Posted vs Negotiated Rates: Understanding the Spread That Changes Everything
If you have ever checked mortgage rates on a major Canadian bank's website, you probably noticed that those rates seem high compared to rates mentioned in the media or advertised by mortgage brokers. This difference is no accident: it reflects a fundamental mechanism of the Canadian mortgage market where the posted rate and the rate actually offered to borrowers are two very different things.
What Is the Posted Rate?
The posted rate is the official interest rate published by a financial institution for a given mortgage product. It represents the starting rate before any negotiation or discount. Major Canadian banks publish their posted rates daily, and they serve as a reference for several important calculations, including the OSFI stress test, mortgage qualification, and the interest rate differential (IRD) penalty.
- Posted rate
- The official interest rate published by a financial institution for a given mortgage product.
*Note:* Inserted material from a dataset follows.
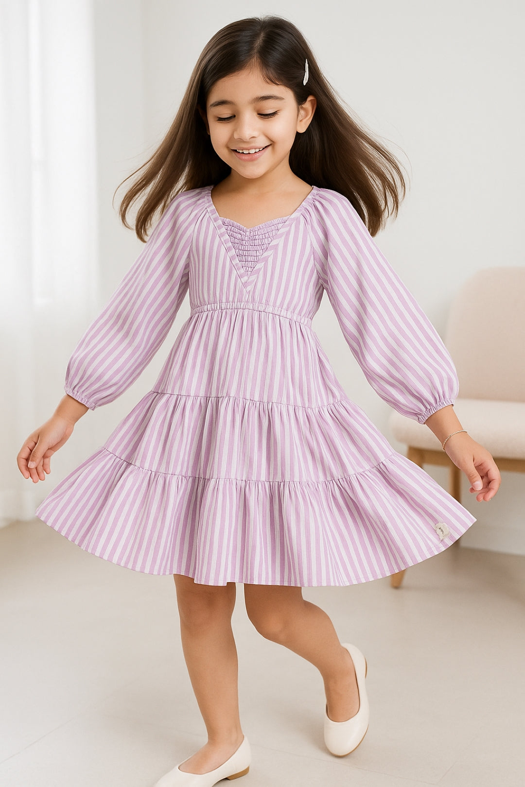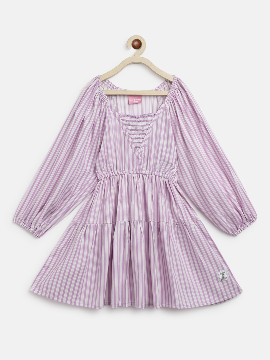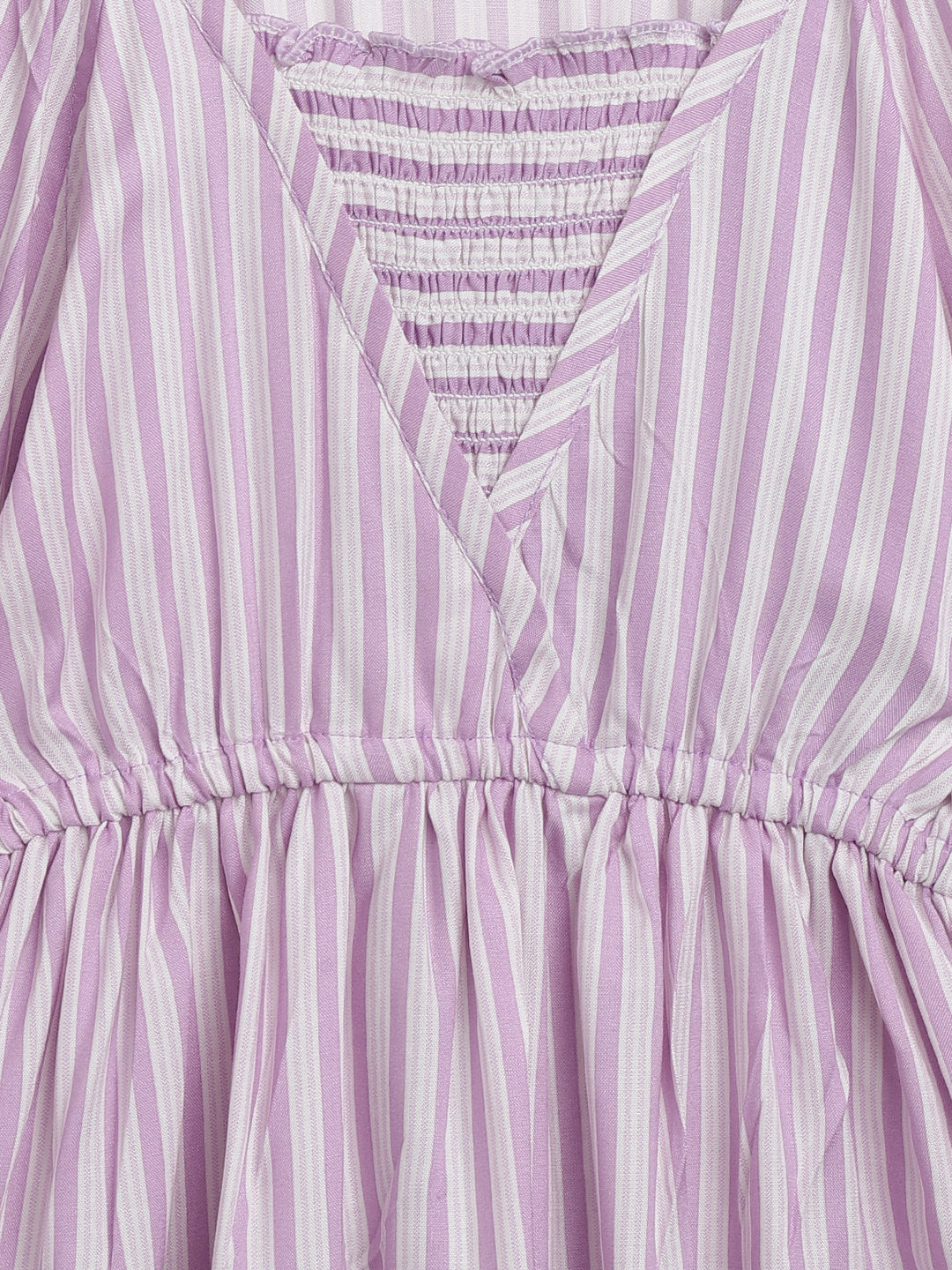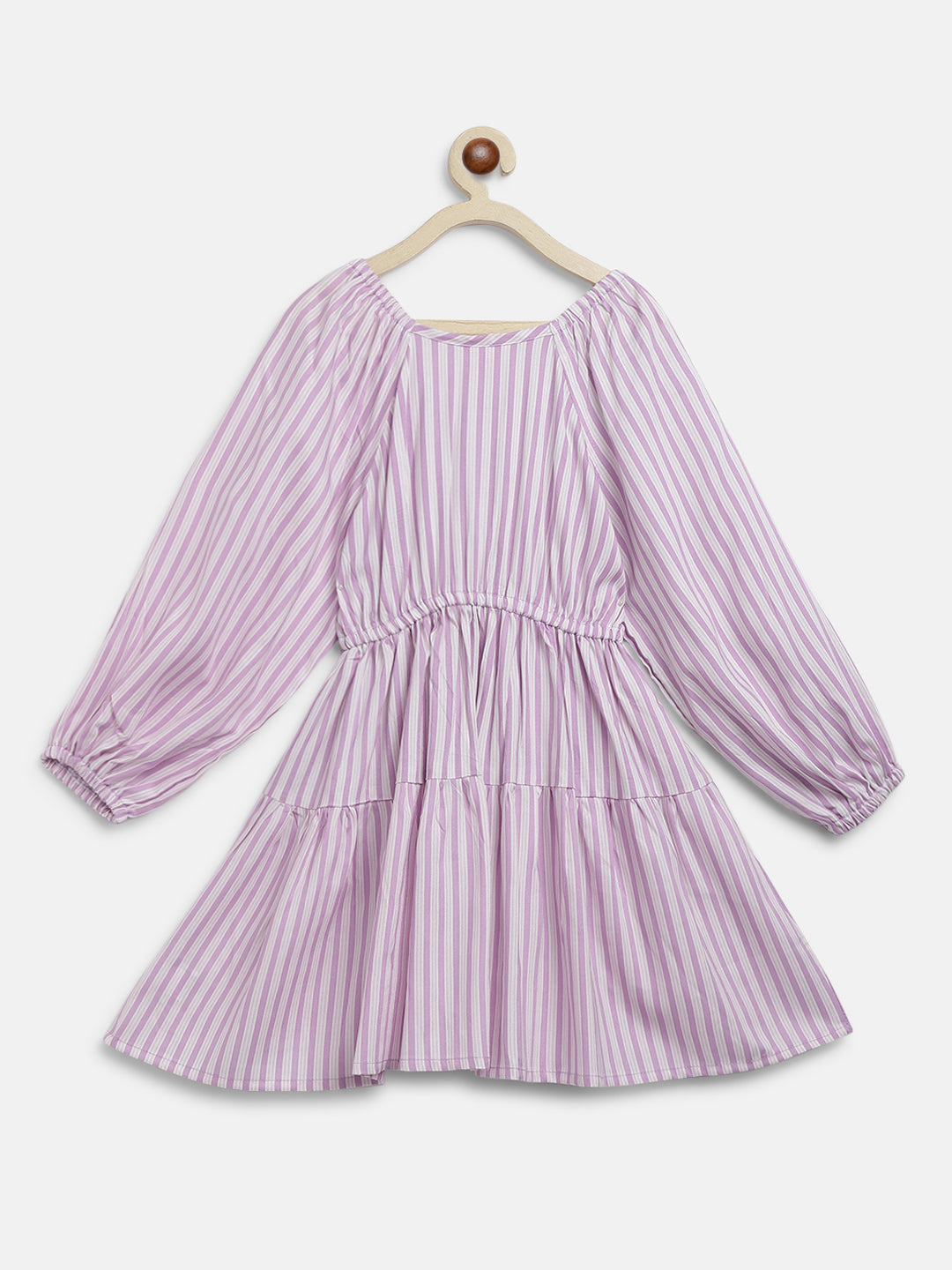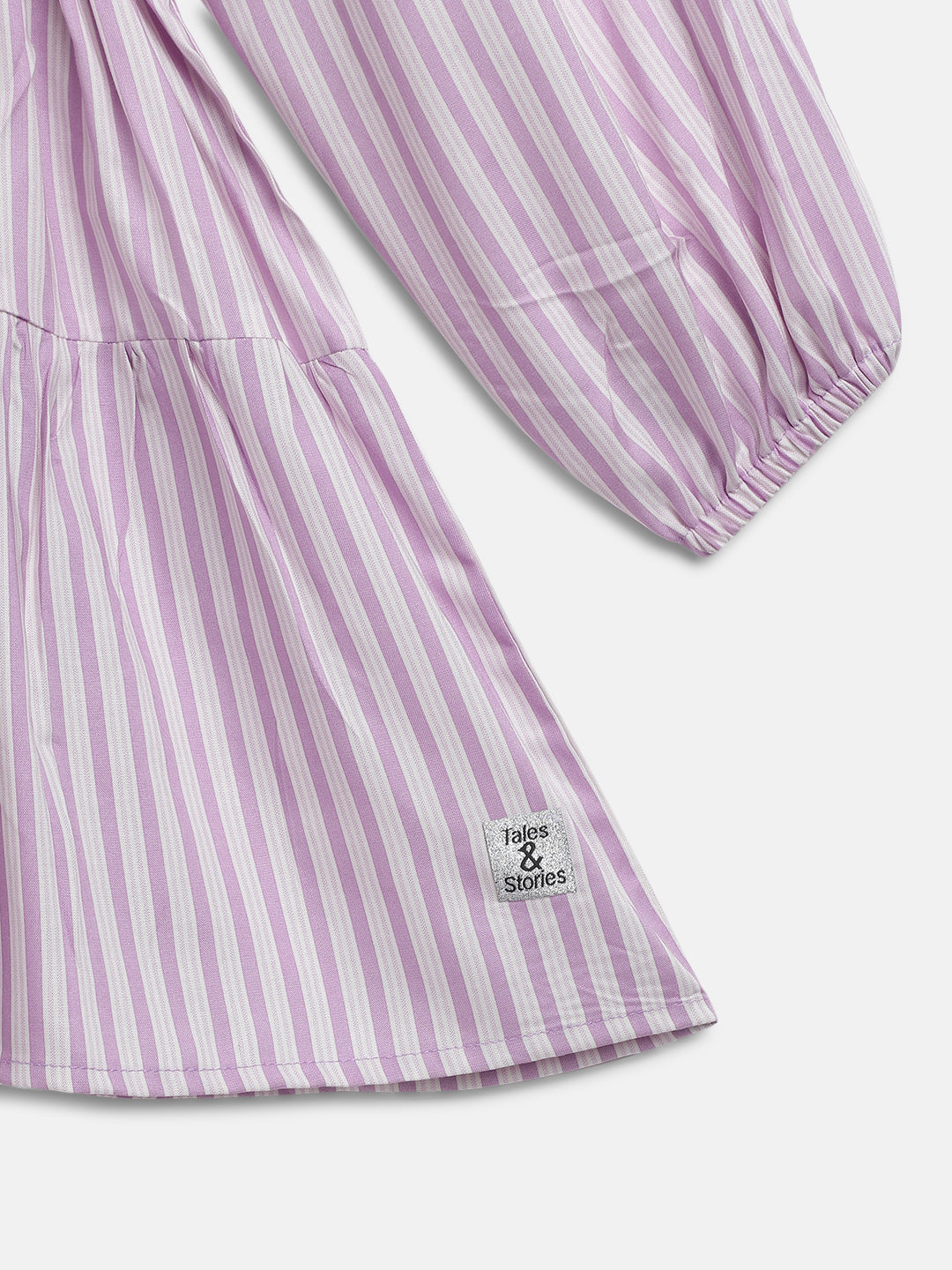 Girls Pink Rayon Regular Fit Full Sleeves Stripe Dress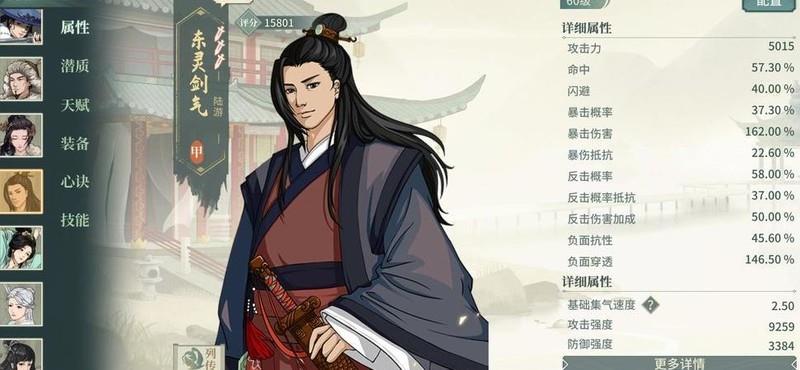 装备精炼后,心决等级满时命中率超85%,反击抗性过50%,负面效果穿透达160%以上。

This rate is higher than the rate actually offered to borrowers and serves as a reference for the OSFI stress test, mortgage qualification, and, at some lenders, the IRD penalty calculation.
The Typical Spread and Its Implications
The spread between the posted rate and the negotiated rate is substantial. For a 5-year fixed term, it can reach 1.50% to 2.25%. On a $400,000 mortgage amortized over 25 years, this spread represents tens of thousands of dollars in avoided interest over the term. The negotiated rate is obtained through direct negotiation with the lender or, more effectively, through a mortgage broker who leverages competition between multiple lenders.
The Mortgage Broker's Role in Rate Negotiation
- Multi-lender access: the AMF-certified broker works with dozens of financial institutions, from major banks to monoline lenders, credit unions, and alternative lenders.
- Business volume: the volume of mortgages the broker generates provides negotiating power that an individual borrower does not have. Lenders offer preferential rates to brokers to attract this volume.
- Competitive bidding: the broker can submit your file to multiple lenders simultaneously and put them in competition to obtain the best offer, something a borrower cannot do effectively on their own.
- Legal obligation: in Quebec, the broker is obligated under the LDPSF to serve the client's interests and present the most advantageous options given their situation.
Impact of the Posted Rate on Mortgage Penalties
The posted rate plays a crucial role in the IRD penalty calculation at certain lenders. Major banks often use the posted rate as the reference in their IRD formula. Since the posted rate is significantly higher than the discounted rate, the spread between the comparison rate and the contractual rate used in the formula can be reduced, affecting the penalty amount. Monoline lenders, on the other hand, generally use the discounted rate in their calculation, producing penalties that are often more predictable and lower.